--- MATERIAL PROVIDED ---

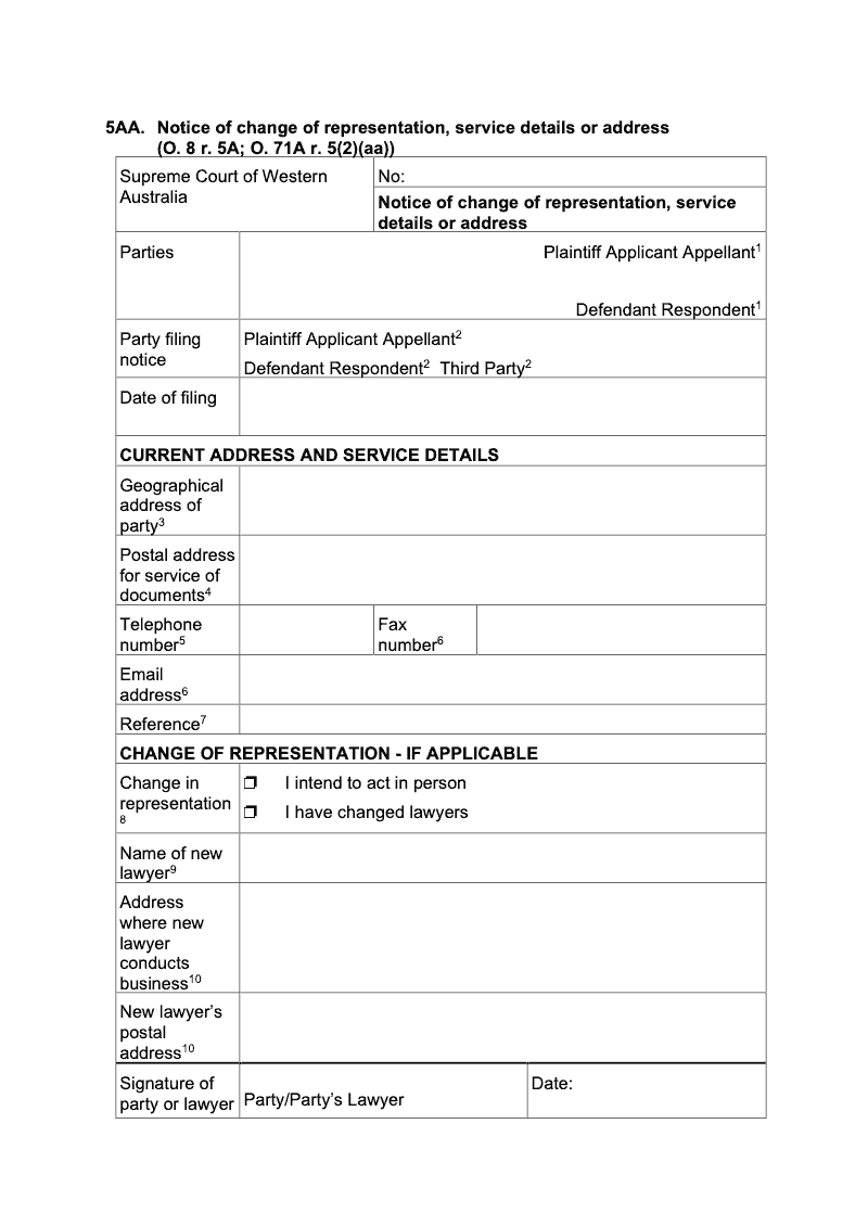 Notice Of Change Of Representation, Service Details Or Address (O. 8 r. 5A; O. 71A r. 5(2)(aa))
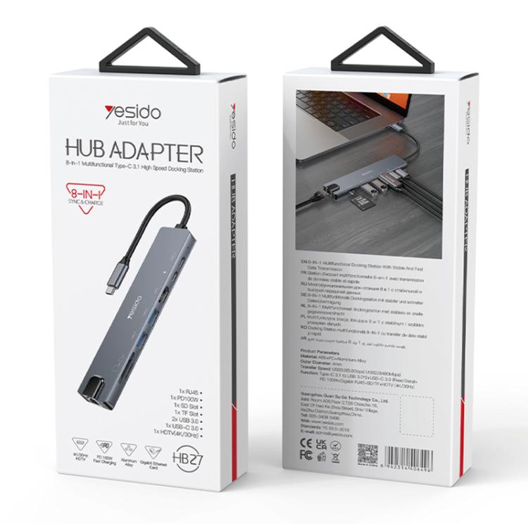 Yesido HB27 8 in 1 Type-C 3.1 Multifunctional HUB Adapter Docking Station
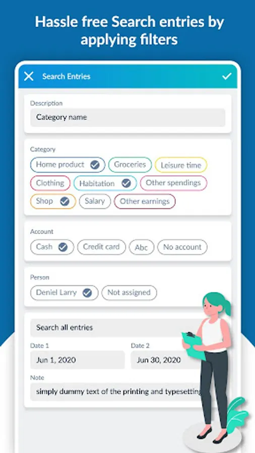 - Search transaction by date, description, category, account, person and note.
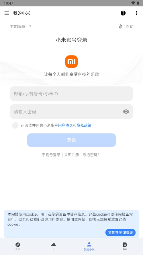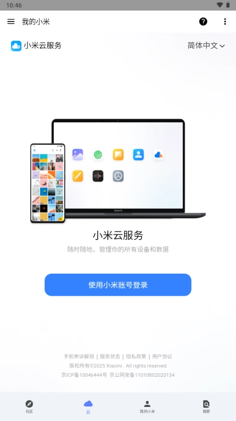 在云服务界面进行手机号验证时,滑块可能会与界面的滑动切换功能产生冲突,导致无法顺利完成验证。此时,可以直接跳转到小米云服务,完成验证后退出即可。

---
--- MATERIAL PROVIDED ---

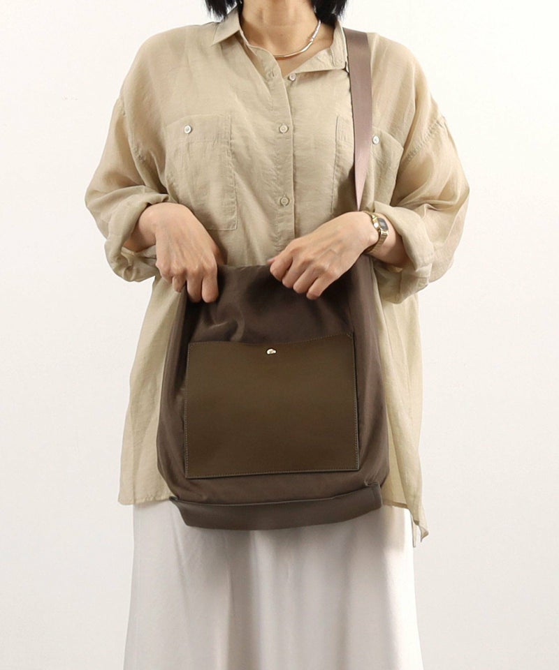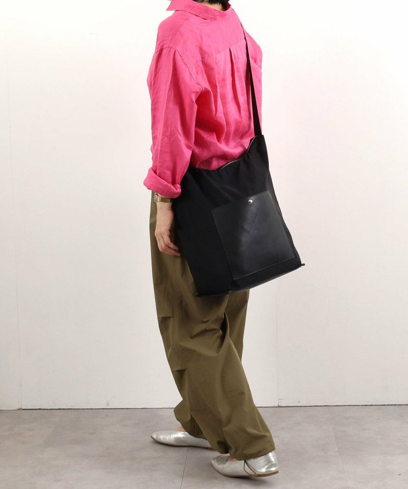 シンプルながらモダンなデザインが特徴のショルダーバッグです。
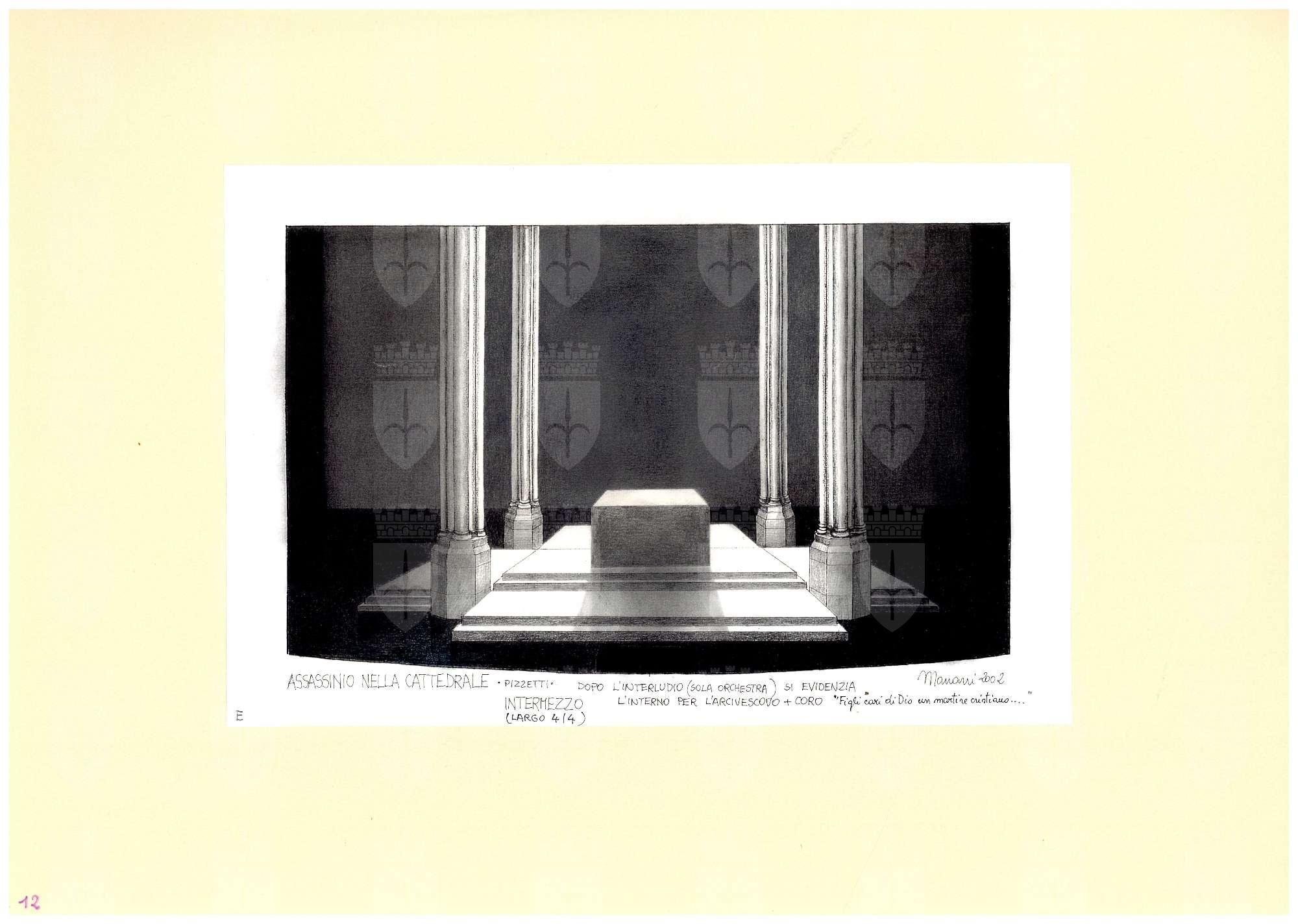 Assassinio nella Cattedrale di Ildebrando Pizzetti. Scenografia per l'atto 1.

---

HOW TO COMPLETE THIS TASK: Print the line above containing "- Search transaction", the line containing "在云服务界面进行手机号验证时", and everything between them, exactly as written. Pictures stay out.

OUTPUT OF THE EXERCISE:
 - Search transaction by date, description, category, account, person and note.
 在云服务界面进行手机号验证时,滑块可能会与界面的滑动切换功能产生冲突,导致无法顺利完成验证。此时,可以直接跳转到小米云服务,完成验证后退出即可。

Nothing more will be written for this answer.